Add to meshai/config.py:

@dataclass
class MemoryConfig:
    """Memory management configuration."""

    # Rolling summary settings
    window_size: int = 4  # Recent message pairs to keep
    summarize_threshold: int = 8  # Messages before re-summarizing

    # When to enable summaries
    min_messages_for_summary: int = 10  # Start summarizing after this many

Testing

# Test script
import asyncio
from meshai.backends.openai_backend import OpenAIBackend
from meshai.config import LLMConfig

async def test():
    config = LLMConfig(
        backend="openai",
        base_url="http://192.168.1.239:8000/v1",
        model="gpt-4o-mini"
    )

    backend = OpenAIBackend(config, "your-key")

    # Simulate long conversation
    messages = []
    for i in range(20):
        messages.append({"role": "user", "content": f"Question {i}"})
        messages.append({"role": "assistant", "content": f"Answer {i}"})

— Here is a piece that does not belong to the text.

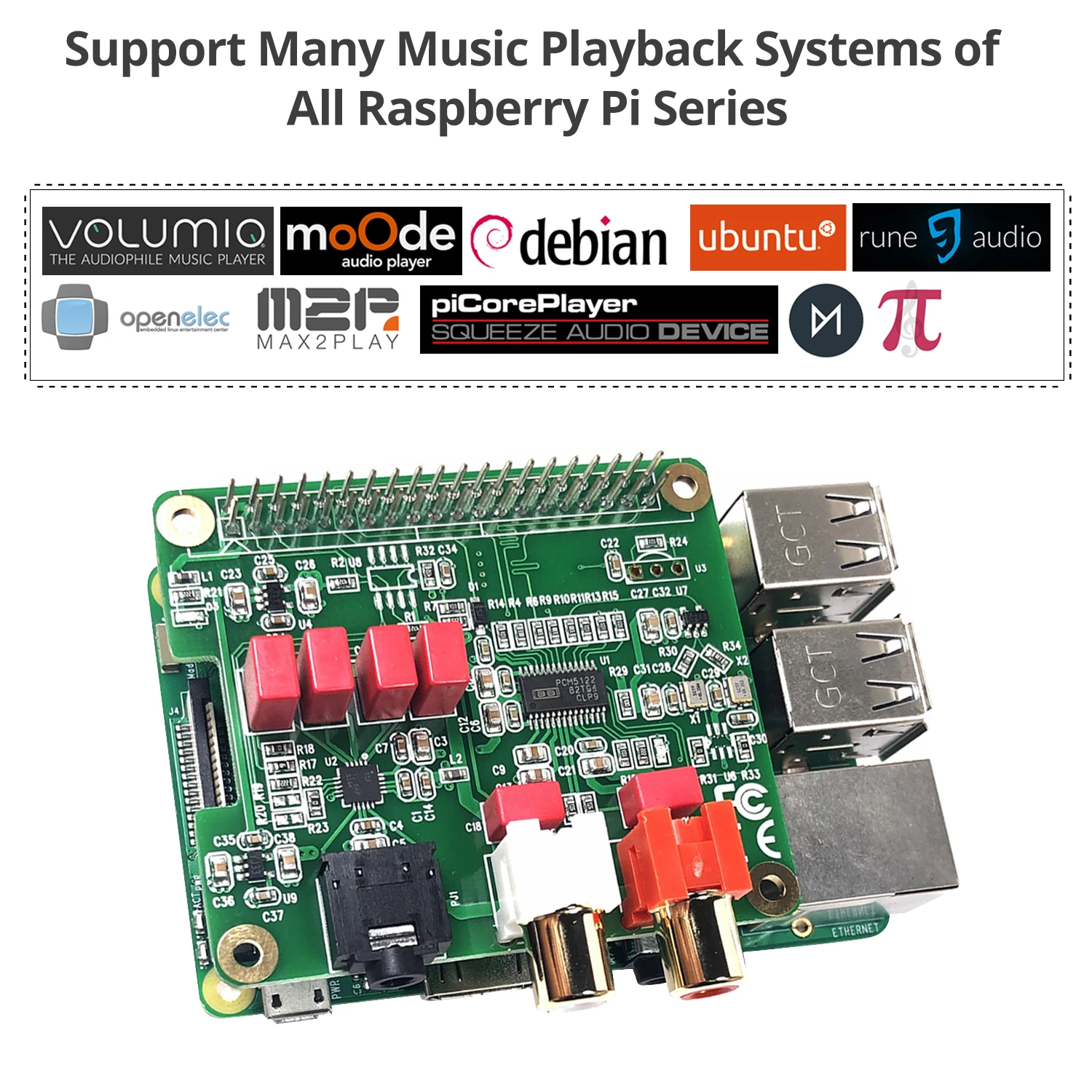 HiFi ЦАП шляпа Совместимость с Raspberry Pi Zero & Zero W, 3B, 3B + инвойсовая стоимость 4 с 40-pin разъем. Подключается непосредственно к плате Raspberry Pi, никаких дополнительных кабелей не требуется, без пайки. Легко получить более красивый и фантастический звук от этого RPI + DAC HiFi костюмов. Абсолютно идеально подходит для поддержки всех систем воспроизведения музыки Raspberry Pi, таких как OSMC, Max2Play, RuneAudio, Volumio, Moode, PiCorePlayer, PiMusicBox, OpenELEC, Debian, ubuntu и т. д. поддерживает воспроизведение музыки с жесткого диска или по сети. Поддержка DSD в режиме PCM(DOP). Лучшие в своем классе стерео аудио ЦАП PCM5122, образец процентная ставка до 384-KHz/32-Bit. В паре с стереофоническим высокоточным усилителем для наушников TPA6133. Обеспечивает 2,1 Vrms наземные выходы в сочетании с пленочным конденсатором. Бортовой пару с позолотой RCA (левое и правое) домкраты и 3,5 мм high-end для наушников выход, позволяют вам свободу движения, Воспроизводите музыку через Raspberry Pi к другому клеммы. Поставляется с программным обеспечением, поддержкой документов и дружественной технологией. Для получения дополнительной информации, пожалуйста, обратитесь к нашей вики (просмотреть ссылку на страницу цвета поставляется с товарами).

    # Generate - should use summary
    response = await backend.generate(
        messages=messages,
        system_prompt="You are helpful.",
        user_id="!test123",
        max_tokens=100
    )

    print(f"Response: {response}")
    print(f"Sent {len(messages)} messages, but only ~10 used in context")

asyncio.run(test())

Expected Results

Token Usage Comparison

Before (full history):

User message 1-20: ~2000 tokens
System prompt: ~50 tokens
Total: ~2050 tokens per request

After (with summary):

System prompt: ~50 tokens
Summary: ~100 tokens
Recent 8 messages: ~400 tokens
Total: ~550 tokens per request

Savings: ~73% token reduction

Performance Impact

  • Summary generation: ~1-2s every 8-10 messages (amortized)
  • Regular requests: No added latency
  • Storage: ~100 bytes per summary in SQLite

Tuning Parameters

window_size

  • Smaller (2-3): More aggressive summarization, max token savings
  • Larger (5-6): More context, less summarization
  • Recommended: 4 (last 4 exchanges = 8 messages)

summarize_threshold

  • Smaller (4-6): Frequent re-summarization, more current
  • Larger (10-12): Less summarization overhead
  • Recommended: 8 (re-summarize after 8 new messages)

For MeshAI specifically:

  • Messages are tiny (150 chars max)
  • window_size=4 gives ~600 chars of recent context
  • summarize_threshold=8 balances overhead vs accuracy

Migration Path

  1. Phase 1: Add code, test with new users
  2. Phase 2: Run in parallel (old + new backend)
  3. Phase 3: Migrate existing users (generate summaries for existing history)
  4. Phase 4: Remove old full-history code path

No data loss - summaries stored in DB, can regenerate anytime.


Maintenance

Monitor summary quality:

-- Check summaries
SELECT user_id, summary, message_count, updated_at
FROM conversation_summaries
ORDER BY updated_at DESC;

Regenerate summary:

# Clear cache + DB, will regenerate on next request
await history.clear_summary(user_id)
backend.clear_summary_cache(user_id)

Adjust if summaries too short/long:

  • Modify prompt in _summarize()
  • Adjust max_tokens=150 for summaries
  • Change temperature (lower = more consistent)

Future Enhancements

  1. Hybrid approach: Summary + semantic search for very long histories
  2. User preferences: Store separate from summary (e.g., "likes weather in metric")
  3. Multi-level summaries: Summarize summaries for years-long conversations
  4. Summary quality scoring: Validate summaries maintain key information

But start simple - this gets 80% of the benefit with 20% of the complexity.